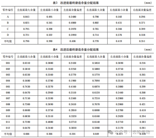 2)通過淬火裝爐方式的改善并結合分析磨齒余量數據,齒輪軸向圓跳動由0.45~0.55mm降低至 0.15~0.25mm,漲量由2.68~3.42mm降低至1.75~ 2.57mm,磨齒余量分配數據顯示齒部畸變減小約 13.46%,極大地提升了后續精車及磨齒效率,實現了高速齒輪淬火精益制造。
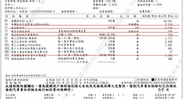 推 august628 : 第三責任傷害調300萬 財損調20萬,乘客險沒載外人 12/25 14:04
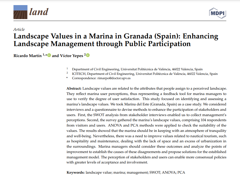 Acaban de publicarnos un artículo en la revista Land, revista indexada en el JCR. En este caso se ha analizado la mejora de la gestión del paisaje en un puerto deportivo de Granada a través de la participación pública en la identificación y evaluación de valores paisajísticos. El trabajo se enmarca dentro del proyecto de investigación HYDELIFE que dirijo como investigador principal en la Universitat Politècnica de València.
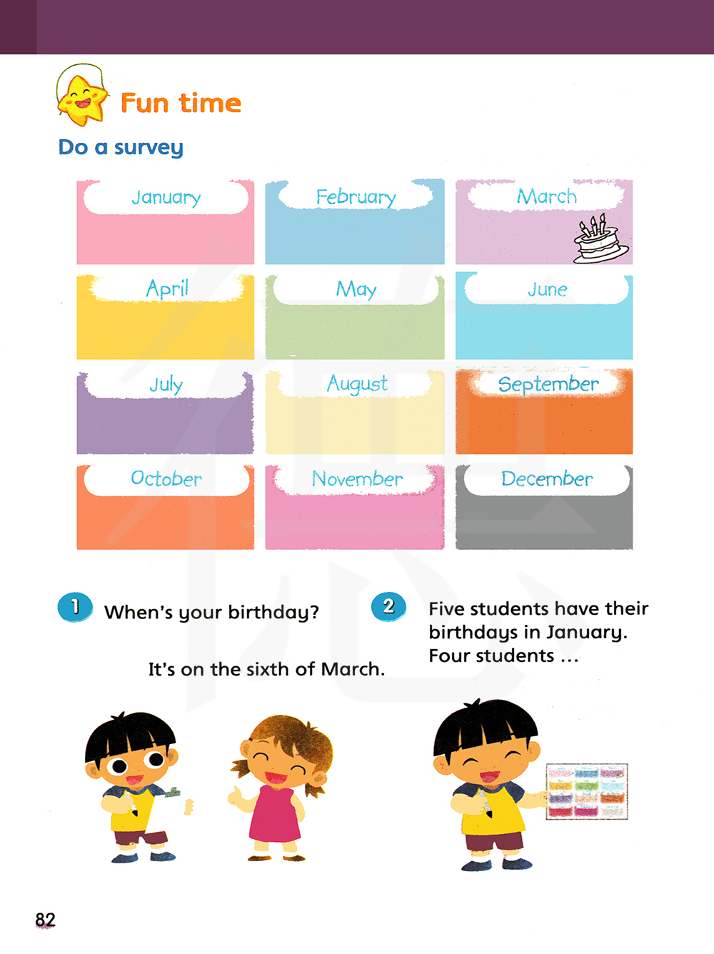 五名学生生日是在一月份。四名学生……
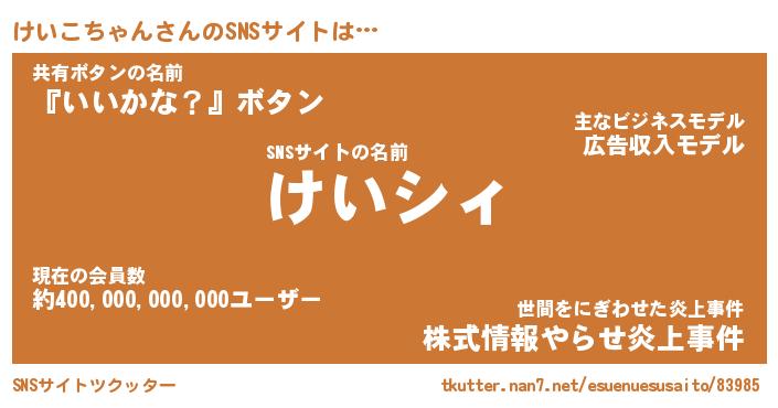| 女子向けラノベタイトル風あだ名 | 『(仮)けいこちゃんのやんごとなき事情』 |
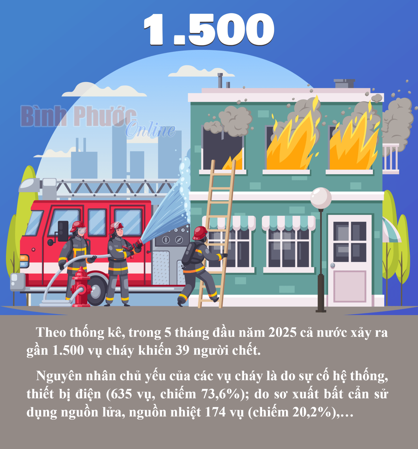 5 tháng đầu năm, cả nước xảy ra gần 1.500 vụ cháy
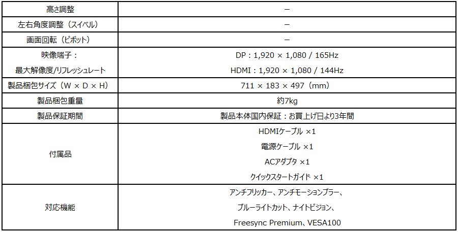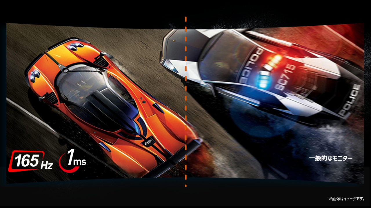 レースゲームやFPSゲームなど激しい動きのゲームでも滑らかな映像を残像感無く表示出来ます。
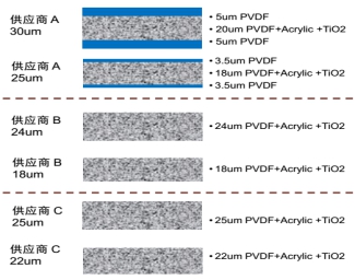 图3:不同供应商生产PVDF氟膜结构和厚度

* * *

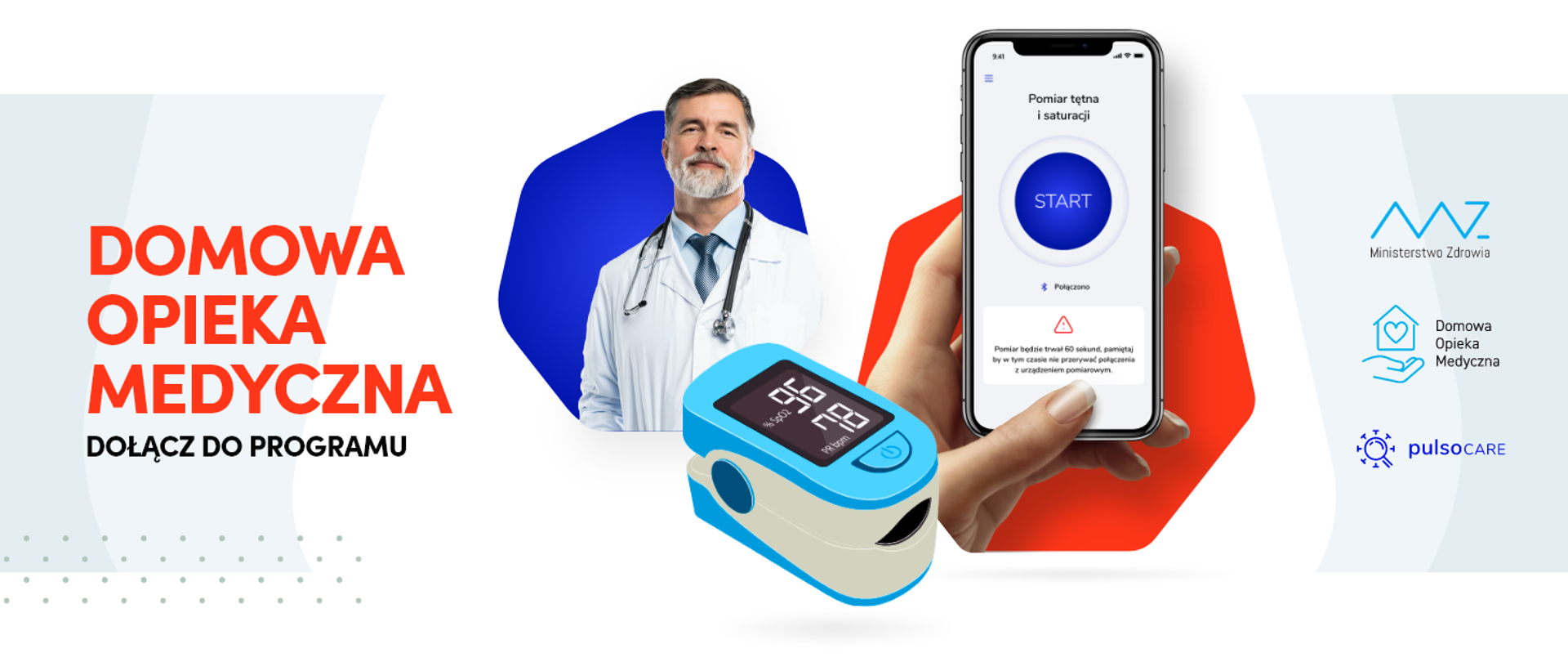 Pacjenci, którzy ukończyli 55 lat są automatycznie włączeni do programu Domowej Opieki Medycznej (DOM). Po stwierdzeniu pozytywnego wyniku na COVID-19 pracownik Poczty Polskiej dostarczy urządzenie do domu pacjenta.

**Task prompt**
Taking the records above, print only and exactly the lines from the line with "レースゲームやFPSゲームな" to the line with "图3:不同供应商生产PVDF氟膜结构和厚度", both kept, and exclude pictures.

**Solution below**
 レースゲームやFPSゲームなど激しい動きのゲームでも滑らかな映像を残像感無く表示出来ます。
 图3:不同供应商生产PVDF氟膜结构和厚度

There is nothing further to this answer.